PROVIDED DATA

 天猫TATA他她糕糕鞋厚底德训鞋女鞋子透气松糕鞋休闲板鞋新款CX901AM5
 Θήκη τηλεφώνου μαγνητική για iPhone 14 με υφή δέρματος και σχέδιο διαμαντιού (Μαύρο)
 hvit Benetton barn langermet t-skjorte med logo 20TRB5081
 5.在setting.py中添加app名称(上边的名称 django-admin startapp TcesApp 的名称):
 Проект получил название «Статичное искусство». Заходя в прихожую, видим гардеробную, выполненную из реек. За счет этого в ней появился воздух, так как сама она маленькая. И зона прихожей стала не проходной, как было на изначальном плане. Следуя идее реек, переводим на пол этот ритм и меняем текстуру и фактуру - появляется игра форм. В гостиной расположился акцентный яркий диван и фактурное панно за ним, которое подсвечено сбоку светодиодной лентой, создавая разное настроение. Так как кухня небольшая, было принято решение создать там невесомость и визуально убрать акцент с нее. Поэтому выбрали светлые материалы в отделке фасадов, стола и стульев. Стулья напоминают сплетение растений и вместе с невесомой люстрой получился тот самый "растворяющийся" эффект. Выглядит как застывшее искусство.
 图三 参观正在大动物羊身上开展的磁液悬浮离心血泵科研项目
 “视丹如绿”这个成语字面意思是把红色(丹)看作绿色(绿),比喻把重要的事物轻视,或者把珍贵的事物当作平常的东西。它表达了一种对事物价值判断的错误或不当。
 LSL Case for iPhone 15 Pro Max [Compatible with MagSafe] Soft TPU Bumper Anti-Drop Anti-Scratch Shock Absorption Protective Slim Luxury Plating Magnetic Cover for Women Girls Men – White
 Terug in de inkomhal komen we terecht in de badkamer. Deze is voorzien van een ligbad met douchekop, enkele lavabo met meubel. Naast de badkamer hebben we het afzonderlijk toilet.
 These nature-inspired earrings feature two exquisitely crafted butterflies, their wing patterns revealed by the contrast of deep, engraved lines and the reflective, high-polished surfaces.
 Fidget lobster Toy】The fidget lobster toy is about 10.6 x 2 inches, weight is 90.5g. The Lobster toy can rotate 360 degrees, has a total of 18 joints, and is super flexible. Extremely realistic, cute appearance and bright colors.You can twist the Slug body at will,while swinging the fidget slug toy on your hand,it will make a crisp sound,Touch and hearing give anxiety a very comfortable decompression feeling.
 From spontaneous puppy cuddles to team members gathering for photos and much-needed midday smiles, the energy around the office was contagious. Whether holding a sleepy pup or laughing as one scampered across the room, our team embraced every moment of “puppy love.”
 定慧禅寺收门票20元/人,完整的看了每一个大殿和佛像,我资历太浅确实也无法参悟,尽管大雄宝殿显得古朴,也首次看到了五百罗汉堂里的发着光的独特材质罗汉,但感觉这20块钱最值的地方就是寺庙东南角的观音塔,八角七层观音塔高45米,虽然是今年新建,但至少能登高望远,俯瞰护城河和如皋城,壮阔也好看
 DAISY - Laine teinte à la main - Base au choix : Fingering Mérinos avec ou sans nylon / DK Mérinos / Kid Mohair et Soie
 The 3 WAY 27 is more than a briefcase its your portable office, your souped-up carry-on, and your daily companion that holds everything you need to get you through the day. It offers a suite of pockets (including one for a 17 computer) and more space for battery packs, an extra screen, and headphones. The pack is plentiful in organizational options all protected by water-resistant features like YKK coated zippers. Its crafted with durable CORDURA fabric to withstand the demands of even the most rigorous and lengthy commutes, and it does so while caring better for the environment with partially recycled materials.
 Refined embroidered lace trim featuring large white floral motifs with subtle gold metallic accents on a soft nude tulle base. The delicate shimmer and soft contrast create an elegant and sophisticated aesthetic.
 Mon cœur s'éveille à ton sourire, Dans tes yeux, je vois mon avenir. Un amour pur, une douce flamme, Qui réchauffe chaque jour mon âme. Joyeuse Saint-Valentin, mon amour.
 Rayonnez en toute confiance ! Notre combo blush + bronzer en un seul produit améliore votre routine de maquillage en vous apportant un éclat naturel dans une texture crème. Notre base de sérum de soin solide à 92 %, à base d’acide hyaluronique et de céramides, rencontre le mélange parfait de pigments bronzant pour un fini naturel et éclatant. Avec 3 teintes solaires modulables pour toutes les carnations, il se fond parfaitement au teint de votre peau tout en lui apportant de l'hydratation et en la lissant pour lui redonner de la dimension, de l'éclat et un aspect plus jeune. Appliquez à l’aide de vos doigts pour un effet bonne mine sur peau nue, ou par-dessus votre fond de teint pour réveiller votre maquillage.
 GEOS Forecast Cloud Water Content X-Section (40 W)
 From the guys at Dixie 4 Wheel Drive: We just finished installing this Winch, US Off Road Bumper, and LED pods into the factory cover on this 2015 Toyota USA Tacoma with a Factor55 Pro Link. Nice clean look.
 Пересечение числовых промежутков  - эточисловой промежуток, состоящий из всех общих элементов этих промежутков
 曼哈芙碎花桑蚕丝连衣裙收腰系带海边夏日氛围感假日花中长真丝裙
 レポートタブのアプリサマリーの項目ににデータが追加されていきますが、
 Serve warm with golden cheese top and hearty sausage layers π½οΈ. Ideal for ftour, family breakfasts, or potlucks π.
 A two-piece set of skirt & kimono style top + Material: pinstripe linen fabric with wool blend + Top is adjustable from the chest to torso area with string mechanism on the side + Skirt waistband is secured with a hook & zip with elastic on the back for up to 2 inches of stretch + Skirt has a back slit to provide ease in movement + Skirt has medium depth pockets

PROBLEM TO WORK ON
Set down only the lines above that fall between the line holding "hvit Benetton barn" and the line holding "5.在setting.py中添加app名称(上边的名称 django-admin startapp", inclusive, keeping each exact.

EXERCISE SOLUTION
 hvit Benetton barn langermet t-skjorte med logo 20TRB5081
 5.在setting.py中添加app名称(上边的名称 django-admin startapp TcesApp 的名称):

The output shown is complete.